Mérite salaire et non demande oups !


----------



## Griselda (7 Août 2022)

Oui tu peux le faire mais à une condition: respecter ton Agrément. Si accueillir cet enfant en adaptation un mercredi ne te fait pas dépasser ta capacité d'accueil aucun problème. Je dirais même oui il faut le faire car la période d'adaptation est déjà courte (perso c'est sur 10 jours minimum et plutôt 2 semaines). Pour le salaire il faudra bien sur ajouter ces heures là à ton calcul.
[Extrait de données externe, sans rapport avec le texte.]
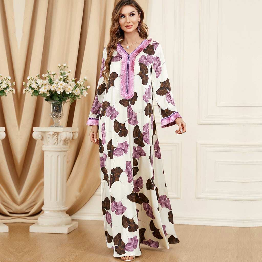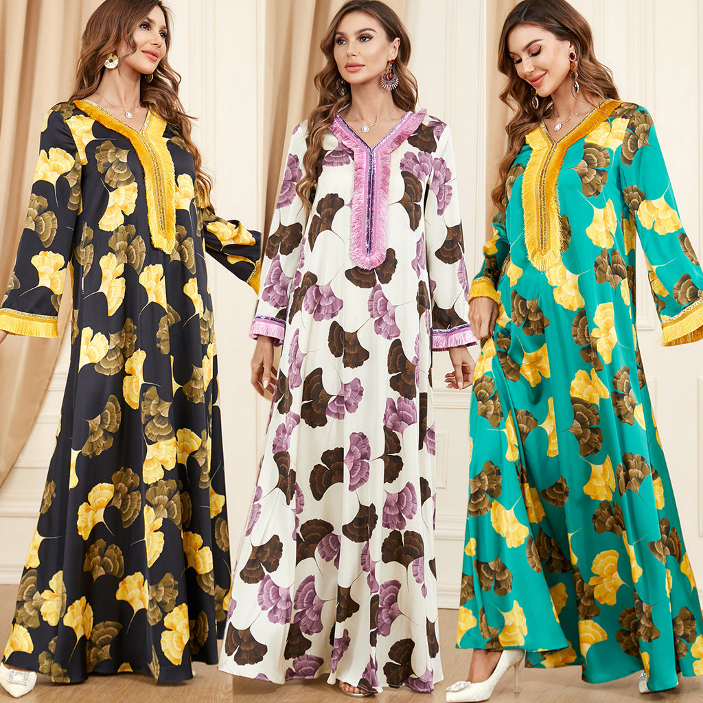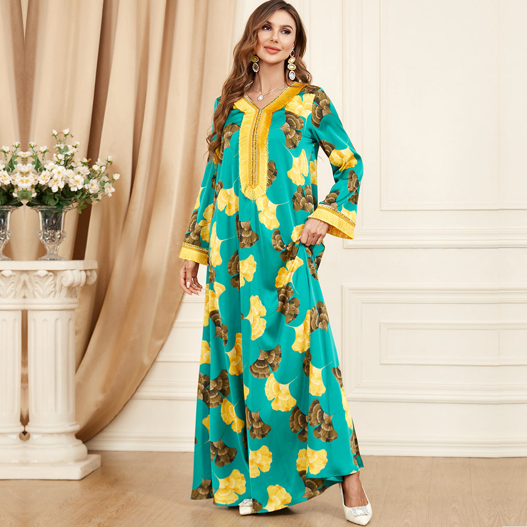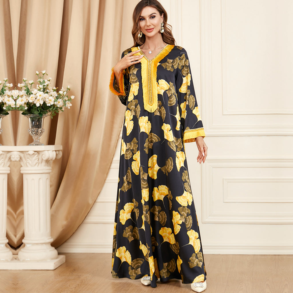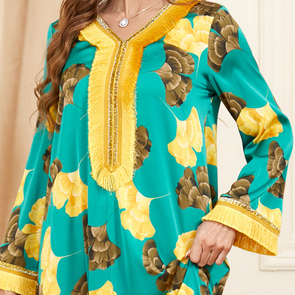 Stand out in the eye-catching Women's Dark Blue Maxi Dress with Golden Leaf Pattern and Gold Tassels, providing a sophisticated color combination.

Tu peux l'indiquer au contrat.


----------



## chantal01 (12 Août 2022)

bonjour, 
le contrat ne commencera en aucun cas le 1er sept, mais le 1er jour d'adaptation soit le 29 aout et il faudra faire cassation du 1er au 28 et le mercredi 31 en H compl (c'est la convention adaptation ou pas), il y a des textes on les appliques dés le début sinon la convention ne sert à rien.
le choix de la période d'adaptation c'est entre les parents et vous et voir l'enfant, je propose (1 jour 1h, le 2em jours 2h le 3em avec  repas, le 4em avec repas et sieste le 4em en entier) mais ça peu être prolonger si besoin et pas du tout si le parent n'en vent pas, par contre jamais avec les parents (j'ai faut une fois je ferai plus), bonne journée


----------



## Merlu33 (12 Août 2022)

Bonjour ici
je dirais comme griselda, la période d'adaptation est deja assez courte, si tu peux le mercredi fait le.
et tu mérites salaire même pour les heures d adaptationà, donc rajoute ca à ton calcule et fais toi payer.


----------